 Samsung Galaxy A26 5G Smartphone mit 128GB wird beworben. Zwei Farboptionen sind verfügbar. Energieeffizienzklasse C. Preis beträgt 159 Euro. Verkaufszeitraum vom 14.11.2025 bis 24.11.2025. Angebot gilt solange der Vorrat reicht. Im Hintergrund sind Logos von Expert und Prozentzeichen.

---

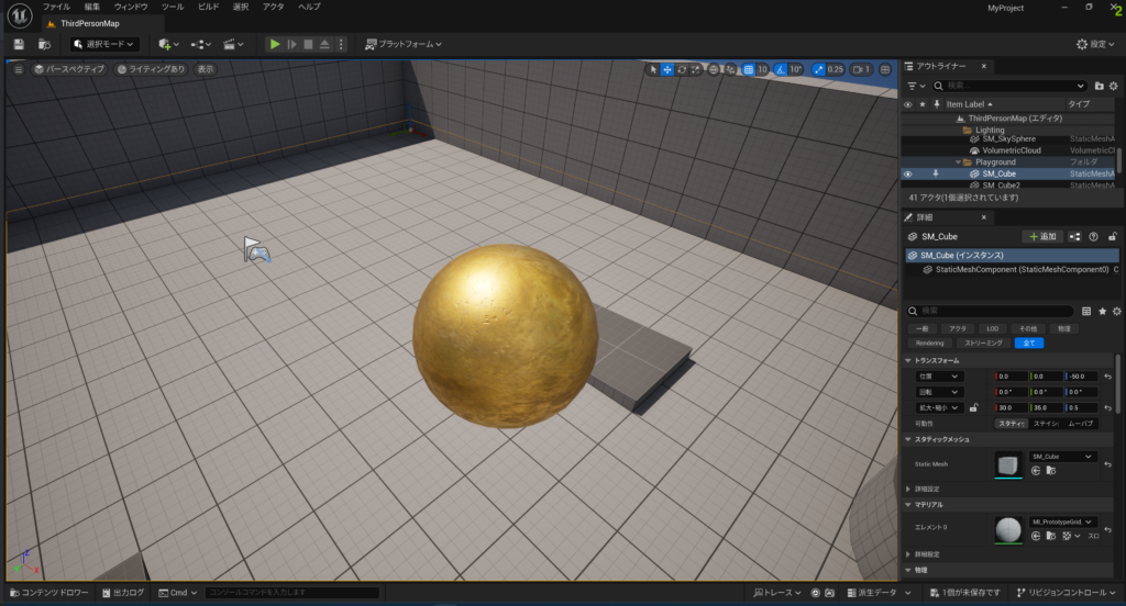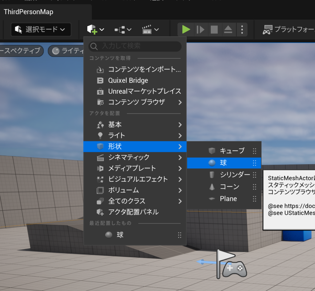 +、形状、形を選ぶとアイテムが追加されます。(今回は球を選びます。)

---

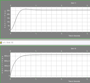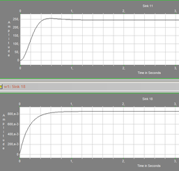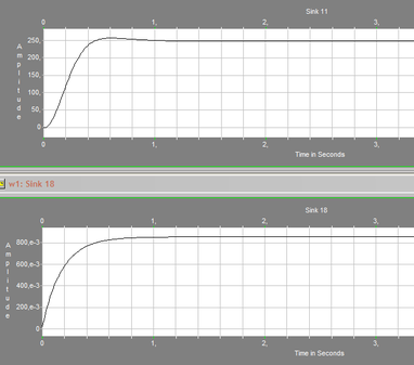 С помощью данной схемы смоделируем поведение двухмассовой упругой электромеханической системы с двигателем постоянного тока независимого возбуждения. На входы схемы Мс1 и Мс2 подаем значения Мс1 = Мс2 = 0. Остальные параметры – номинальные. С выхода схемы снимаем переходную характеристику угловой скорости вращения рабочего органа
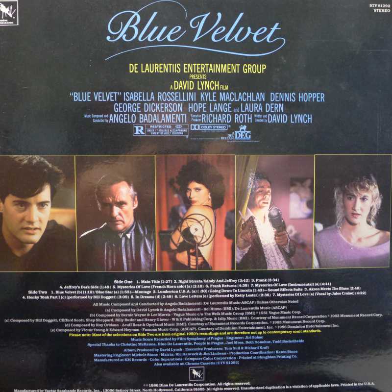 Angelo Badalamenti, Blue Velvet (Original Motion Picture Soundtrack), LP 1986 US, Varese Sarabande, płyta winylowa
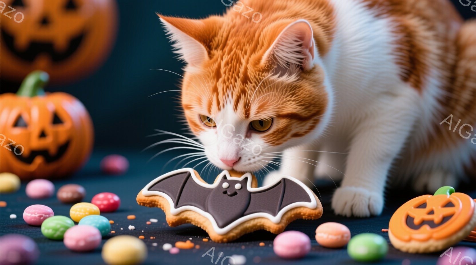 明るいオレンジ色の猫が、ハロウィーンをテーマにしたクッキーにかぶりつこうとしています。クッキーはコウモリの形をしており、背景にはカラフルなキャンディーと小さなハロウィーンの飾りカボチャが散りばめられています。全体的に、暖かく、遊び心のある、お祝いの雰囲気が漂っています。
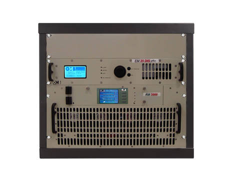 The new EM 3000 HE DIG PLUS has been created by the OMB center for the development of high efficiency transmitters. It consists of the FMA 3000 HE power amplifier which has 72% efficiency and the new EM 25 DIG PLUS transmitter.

### Assignment
Output exactly the lines above, from the line with "С помощью данной" to the line with "The new EM 3000", both included; skip the pictures.

### Exercise answer
 С помощью данной схемы смоделируем поведение двухмассовой упругой электромеханической системы с двигателем постоянного тока независимого возбуждения. На входы схемы Мс1 и Мс2 подаем значения Мс1 = Мс2 = 0. Остальные параметры – номинальные. С выхода схемы снимаем переходную характеристику угловой скорости вращения рабочего органа
 Angelo Badalamenti, Blue Velvet (Original Motion Picture Soundtrack), LP 1986 US, Varese Sarabande, płyta winylowa
 明るいオレンジ色の猫が、ハロウィーンをテーマにしたクッキーにかぶりつこうとしています。クッキーはコウモリの形をしており、背景にはカラフルなキャンディーと小さなハロウィーンの飾りカボチャが散りばめられています。全体的に、暖かく、遊び心のある、お祝いの雰囲気が漂っています。
 The new EM 3000 HE DIG PLUS has been created by the OMB center for the development of high efficiency transmitters. It consists of the FMA 3000 HE power amplifier which has 72% efficiency and the new EM 25 DIG PLUS transmitter.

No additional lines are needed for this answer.